En effet, les charges de pension effectives ne vont pas évoluer de la même manière pour toutes les communes ; de nombreuses variables entrent en jeu :
- Le niveau barémique des statutaires (une masse salariale plus importante produit des cotisations de base plus importantes) ;
- L’âge des statutaires (des statutaires jeunes ne produiront pas de charges de pension à brève échéance) ;
- L’âge des pensionnés (si nombre de « jeunes » pensionnés, leur charge se prolongera dans le temps et à celle-ci s’ajoutera la charge des nouveaux pensionnés) ;
- L’évolution globale du nombre des équivalents à temps plein : la proportion de statutaires peut diminuer mais le nombre de statutaires peut augmenter et avec lui la masse salariale, ce qui freine l’accroissement du « déficit pensions » ou, inversement, le nombre de statutaires peut diminuer drastiquement tout en gardant quasi la même proportion dans le nombre global d’agents équivalents temps plein et leur masse salariale aussi.

Enfin, les estimations du SFP Pensions ne sont pas forcément tout-à-fait correctes, même si après test elles fournissent quand même un bon aperçu des tendances. Le SPF Pensions communique difficilement ses données comptables quant à la situation globale du Fonds de Pension Solidarisé et quant à ses méthodes d’estimation des montants à payer et à cotiser.


En ce qui concerne les mesures prises par la Région bruxelloise pour garantir les pensions de l’ensemble des travailleurs concernés, face au creusement du « déficit pensions » et à la suite de l’instauration d’une réduction des cotisations de responsabilisation instaurée par la loi du 30 mars 2018 relative à la non prise en considération de services en tant que personnel non nommé à titre définitif dans une pension du secteur public, modifiant la responsabilisation individuelle des administrations provinciales et locales au sein du Fonds de pension solidarisé, adaptant la règlementation des pensions complémentaires, modifiant les modalités de financement du Fonds de pension solidarisé des administrations provinciales et locales et portant un financement supplémentaire du Fonds de pension solidarisé des administrations provinciales et locales, j’ai inséré un volet « 2e pilier de pension » dans les accords sectoriels 2021-2025 (Circulaire 2021/12 relative au protocole d’accord 2021/1 conclu au sein du Comité de négociation C – Comité des services publics locaux – sous-section Région de Bruxelles-Capitale, pour les années 2021 à 2025 ; Circulaire 2021/13 relative à la répartition des moyens régionaux entre les communes).

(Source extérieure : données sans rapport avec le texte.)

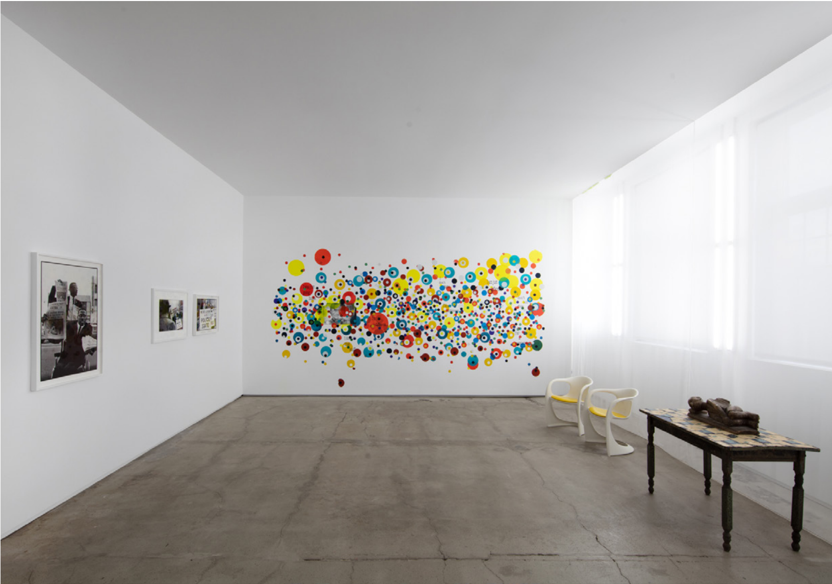
Installation view, This Tender, Fragile Thing , 2022 The School | Jack Shainman Gallery, Kinderhook, NY

Ces accords reposent sur cinq branches, dont une branche accordant une aide globale de 6,25 millions par an répartie entre les communes qui adopteraient une pension complémentaire pour leurs contractuels.

L’aide au 2e pilier, qui par ailleurs rattrape en partie la différence de traitement entre les pensionnés ayant été statutaires et ceux ayant travaillé comme contractuels, est intervenue en 2021, 2022 et 2023 pour réduire le montant des cotisations de responsabilisation payées pour les statutaires.


J’ai aussi approuvé la mise sur pied d’un simulateur des coûts de pension, afin de tester les divers scénarios possibles pour chaque administration locale et d’établir la politique RH la plus souhaitable (hausse, stabilisation, diminution des nominations) selon chaque situation. Ce simulateur se trouve à la Direction des Finances Locales à laquelle les communes peuvent s’adresser pour obtenir des simulations de leur situation.